Don’t rush past Good Friday to get to the resurrection. Let yourself sit in the weight of it for a moment. The journey to Sunday matters, and it is worth taking your time on the road.

What Needs to Be Buried Before Sunday

The story does not end at the cross.

It is worth saying twice: the story does not end at the cross.

Easter Sunday is coming, and with it, the most world-altering reversal in all of history. The tomb is empty. He is risen. Everything that death and darkness tried to hold permanently in place is completely undone.

Resurrection is not simply a historical event. It is a pattern that God has been writing into creation from the very beginning. Death giving way to life. Winter yielding to spring. The seed that falls into the ground and seems to disappear completely before it becomes something entirely new.

Romans 8:11 tells us that the Spirit who raised Christ from the dead lives in us. That is resurrection power, and it is not reserved for the first Easter Sunday. It is available to you today, as a real and living reality.

So as you move toward Sunday, consider honestly what needs to be buried so that something new can grow. What habits or patterns have slowly taken up space that was meant for something better? For many of us, phones have a way of filling every quiet moment before we even realize what is happening. That pattern, left unchecked, crowds out the very peace and presence that resurrection life makes possible.

The same power that raised Jesus from the dead is available to you as a follower of Christ. That is not a metaphor. It is your inheritance.

Pay Attention

On that cobblestone street in Jerusalem, most people kept walking. They were distracted by ordinary things, the very same things that pull at us today. Life, noise, their own needs and worries and plans pressing in from every direction.

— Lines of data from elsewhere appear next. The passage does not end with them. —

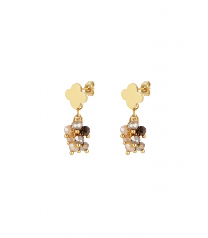 Deze oorbellen combineren beige glas kralen met een elegant klavertje vier, wat zorgt voor een stijlvolle en tijdloze uitstraling. Het klavertje vier staat symbool voor geluk en voegt een uniek detail toe aan het ontwerp. Wist je dat het klavertje vier in veel culturen als geluksbrenger wordt beschouwd? Het dragen van deze oorbellen kan dus een extra betekenisvolle touch aan je outfit geven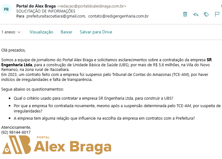A equipe de jornalismo do Portal Alex Braga tentou contato com a Prefeitura de Itacoatiara e com a empresa contratada. Afim de pedir mais esclarecimentos sobre a contratação milionária, suspensa pelo Tribunal de Contas do Amazonas e o novo contrato. Contudo, até o fechamento desta matéria, não obtivemos resposta. O espaço segue aberto para mais esclarecimentos.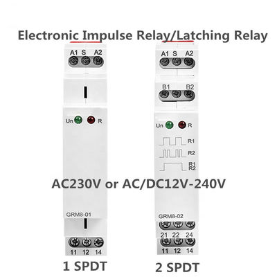 RM8 DIN Rail AC/DC 12-240V 16A Step Reset Relay PCB Relay 24vdc Latching Relay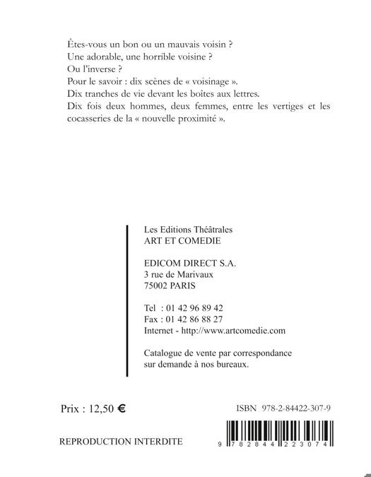 Êtes-vous un bon ou un mauvais voisin ? Une adorable, une horrible voisine ? Ou l'inverse ? Pour le savoir: dix scènes de voisinage . Dix tranches de vie devant les boîtes aux lettres. Dix fois deux hommes, deux femmes, entre les vertiges et les cocasseries de la nouvelle proximité .
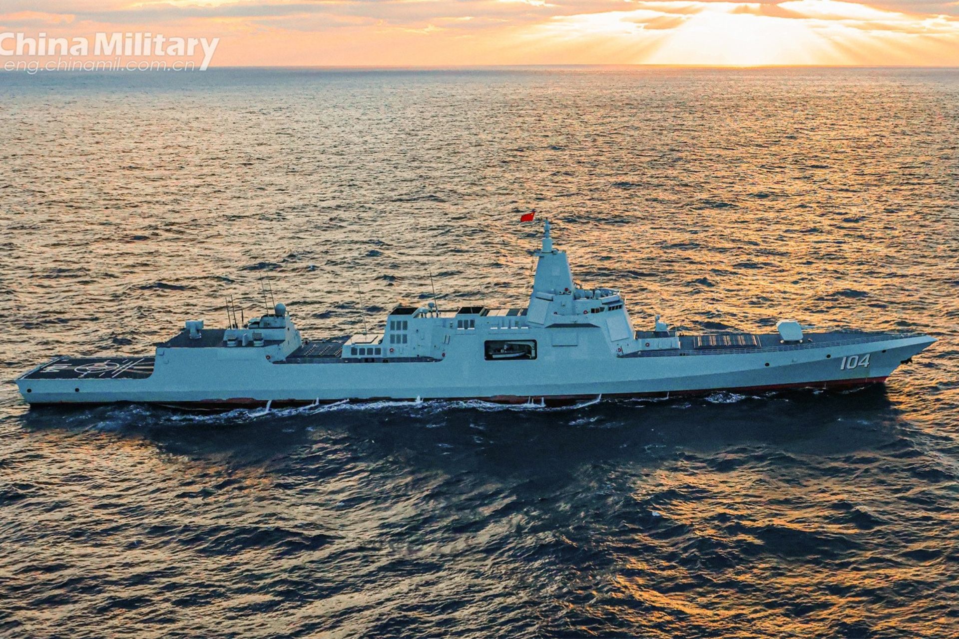 Type-055 guided-missile destroyer Wuxi attached to a unit with the navy under the PLA Northern Theater Command steams to the designated sea area during a maritime training exercise recently (Picture source: Chinese MoD)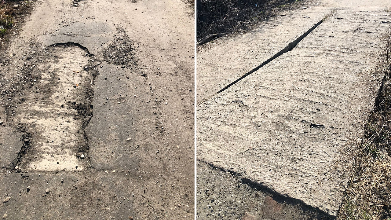 — Это пешеходная, основная, единственная дорога, по которой люди идут к остановке общественного транспорта, в магазин. Здесь я спешу отметить надломленная плита, которая несет опасность и можно ноги переломать. С 2020 года я говорю об этом. Прошу сделать ремонт этого участка.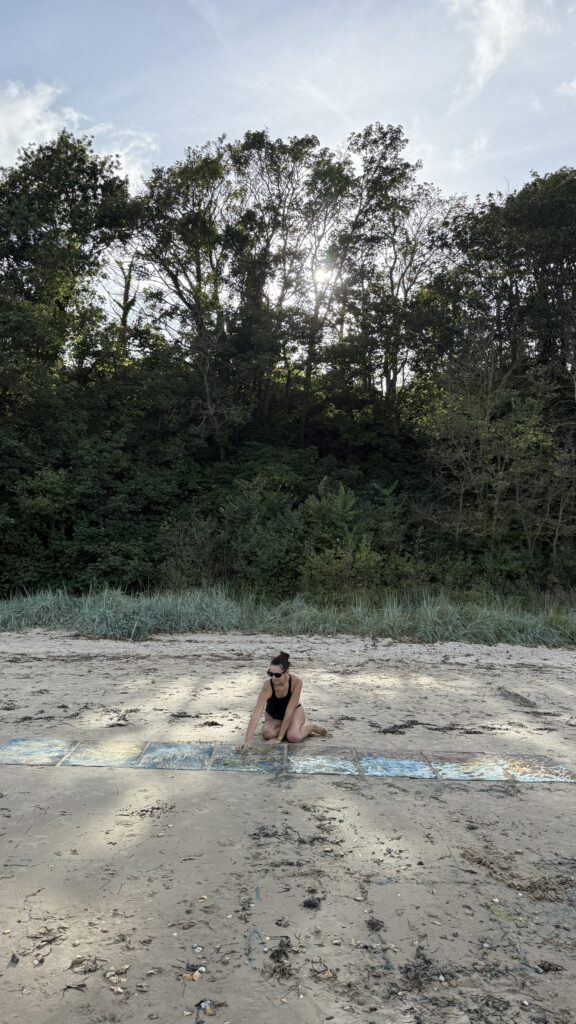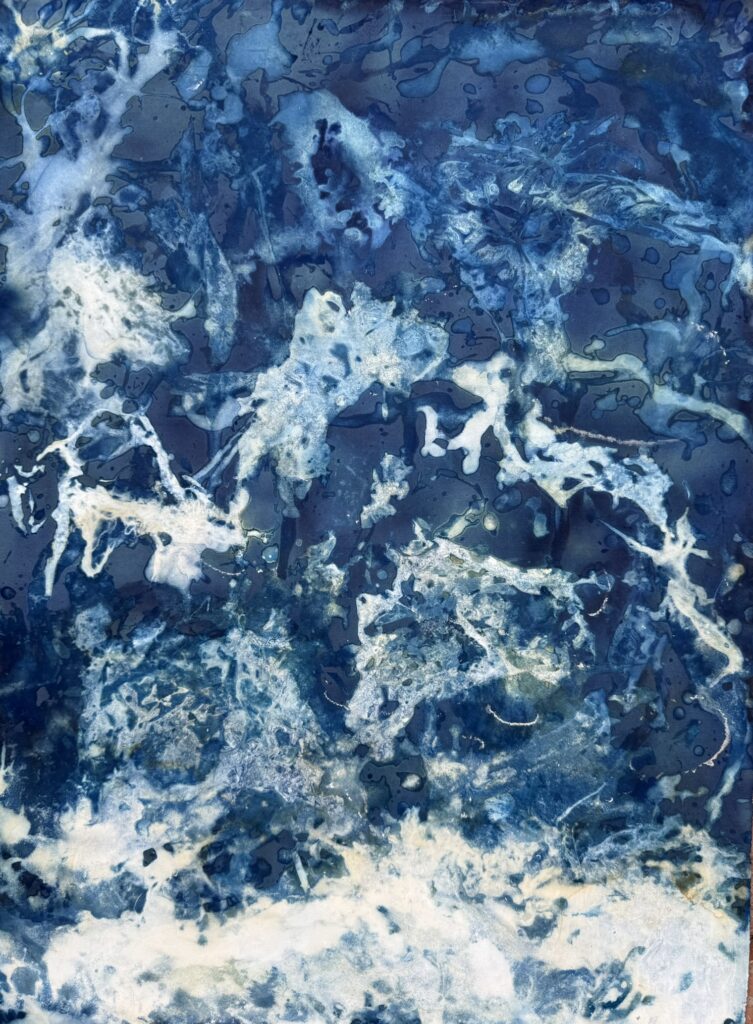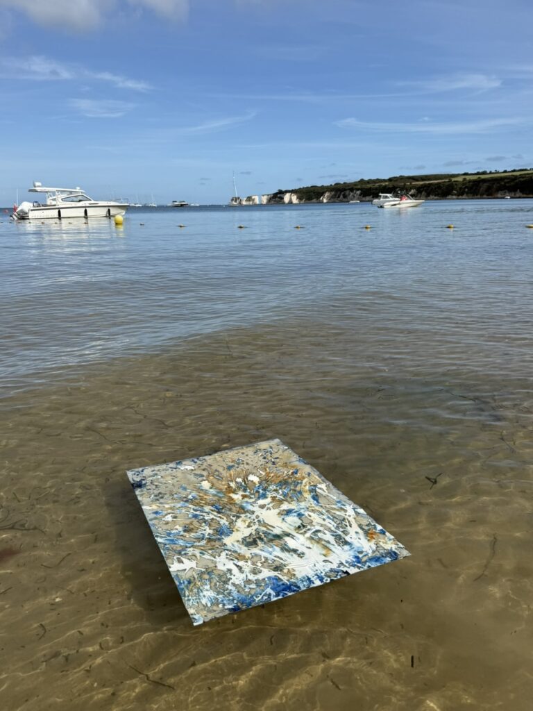 Her process is physically intertwined with the Jurassic Coast. The artworks are taken to the water’s edge and immersed in the sea. They are brushed with sediments and activated by Dorset sunlight. This method allows the environment to complete the process, revealing deep, shifting blues that mirror the energy of the shoreline.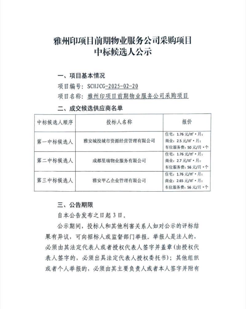 雅州印項(xiàng)目前期物業(yè)服務(wù)公司采購(gòu)項(xiàng)目中標(biāo)候選人公示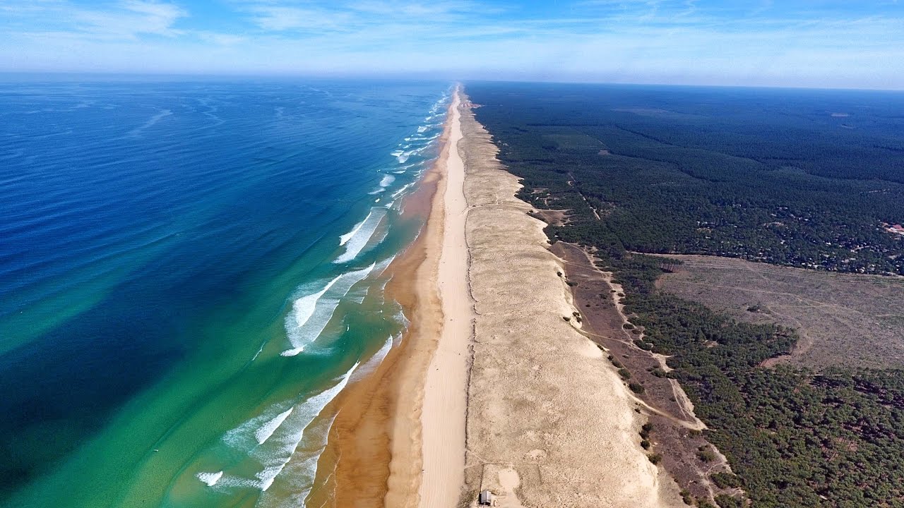 Overflight by the drone of the beach of the lette white in the region of Landes.
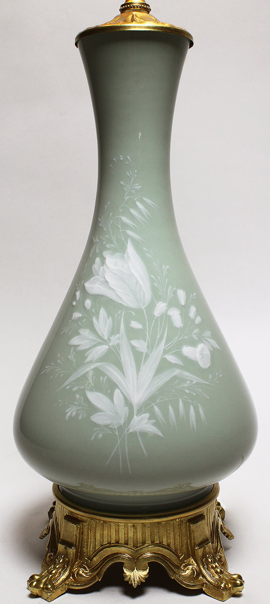 A Fine French 19th/20th Century Pâte-sur-Pâte Porcelain and Gilt-Bronze Mounted Ovoid-Shaped Table Lamp with a white low-relief floral design carved in slip and applied to a contrasting body over the blue-green porcelain. Circa: Paris, 1900.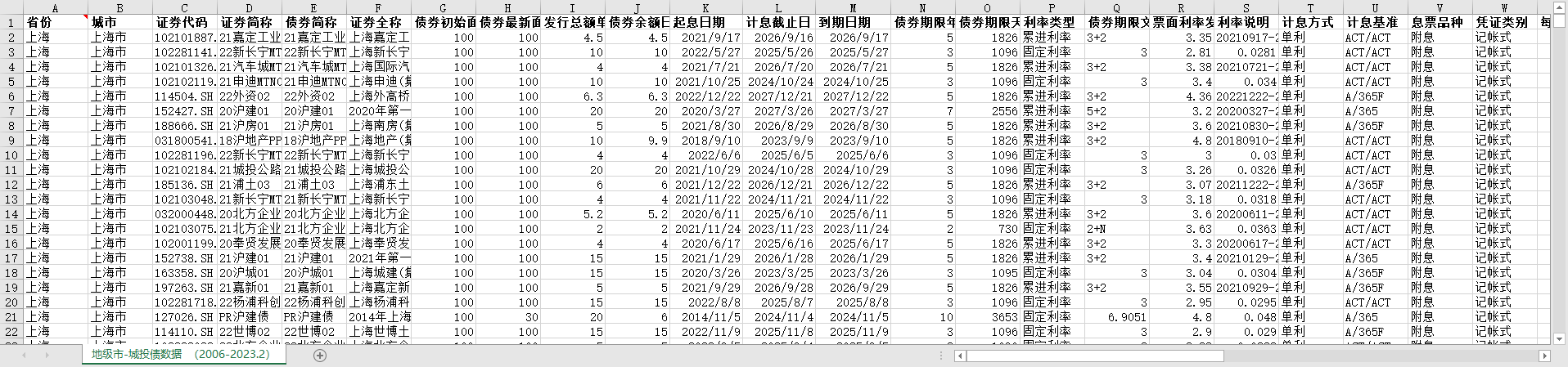 全国各地市州地级市城投债发行明细数据2006-2023城投债券余额利率期限面值实际发行人
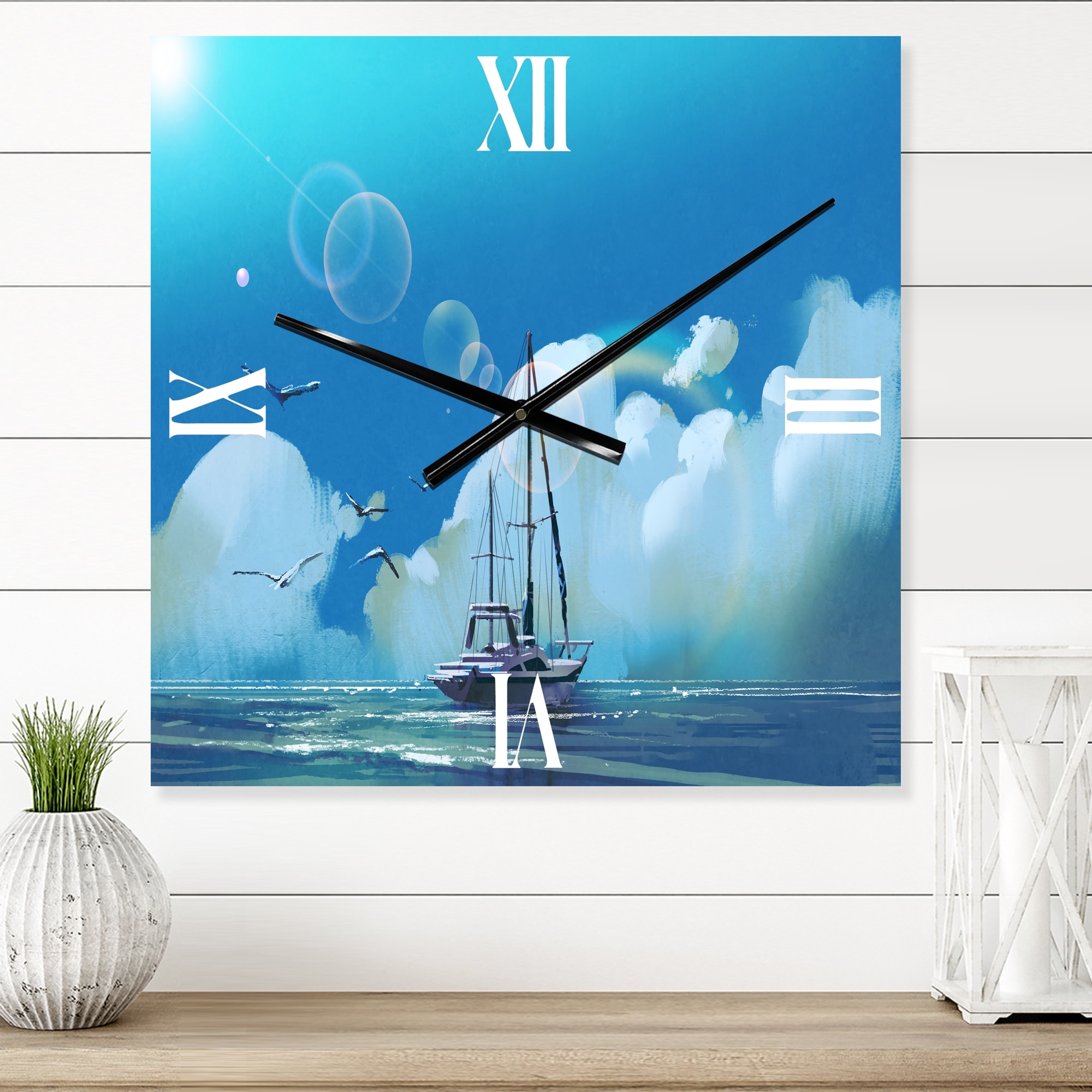 Designart 'The Sailboat on the Blue Sea Against Summer Sky' Nautical & Coastal Metal Wall Clock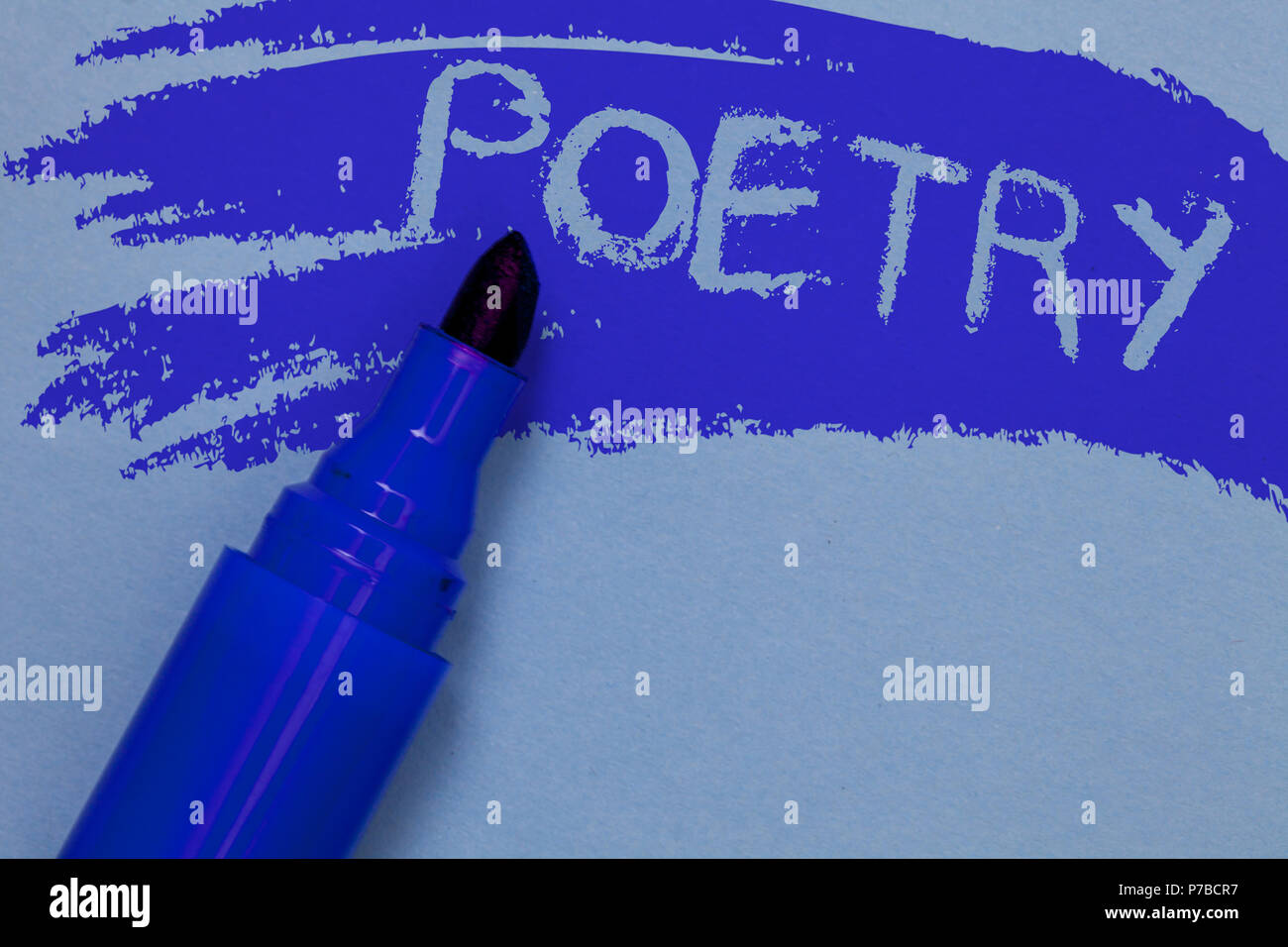 Schreiben Hinweis mit Poesie. Business Foto präsentiert literarische Arbeit Ausdruck von Gefühlen Ideen mit Rhythmus Gedichte schreiben fetten blauen Marker Färbung Stockfotografie - Alamy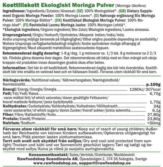 Moringa Pulver EKO är ett ekologiskt kosttillskott som har blivit en favorit bland alla som uppskattar vegansk matlagning och hållbara vardagsval. Med sin djupa gröna färg och milda jordiga smak är moringa-pulver perfekt att blanda ner i smoothies, juicer eller soppor utan att ta över smaken från övriga ingredienser. Du kan till och med använda pulvret som ett naturligt färgämne i bakverk eller dressingar för att ge maten en extra färgklick.

But some people stopped. Some people truly saw. There were women who followed Jesus all the way to Golgotha. Simon, pulled from the crowd to carry the cross, who never forgot it. There was a Roman soldier who watched Jesus die and said, “Surely this was the Son of God.”

They paid attention. It changed everything for them.

My prayer for you this week is that you would be one of the people who stops and sees. No matter how full this week becomes, may you find even one small moment to fix your eyes on Jesus. Walk that road with Him slowly and with intention. Let the cross be more than a symbol you pass on your way to Sunday.

You cannot truly fix your eyes on the risen Christ and remain unchanged. Jesus is not a symbol frozen in time. He is alive. He is risen and he is for you.

Go into this week with that truth settled in your heart.

Digital Habit Reset

If something in this Easter devotional stirred something in you about beginning a relationship with Jesus, I would genuinely love to hear from you. Reach out directly at hello@julianneaugust.com. That conversation matters.

For those of you who are ready to release the digital habits that have been crowding out the quiet, the free 30-Day Digital Habit Reset is a practical starting point for that work. Download it free at julianneaugust.com

What is a good Easter devotional to read during Holy Week?

The most powerful Easter devotional you can engage with is the Gospel accounts themselves. Luke 19 through 24 and John 13 through 21 walk you through the full account of Holy Week, from the triumphal entry to the resurrection. Reading one section each day slowly and without rushing is one of the most meaningful ways to enter into the significance of Easter.

How can I reduce mindless scrolling during Holy Week?

One of the most practical steps is to create phone-free windows during the days leading up to Easter. Consider setting your phone aside for the first 30 minutes of your morning and replacing that time with a few chapters from one of the Gospels. Small, consistent boundaries tend to have a greater cumulative effect than a single large digital detox attempt.

What does fixing your eyes on Jesus mean practically?

The phrase comes from Hebrews 12:2 and describes an active, sustained focus on Jesus rather than the many distractions competing for our attention. Practically, it might mean setting your phone aside during morning prayer, choosing to read the Easter story in Scripture rather than scrolling, or simply pausing during Holy Week to ask where your attention has been resting and gently redirecting it toward Christ.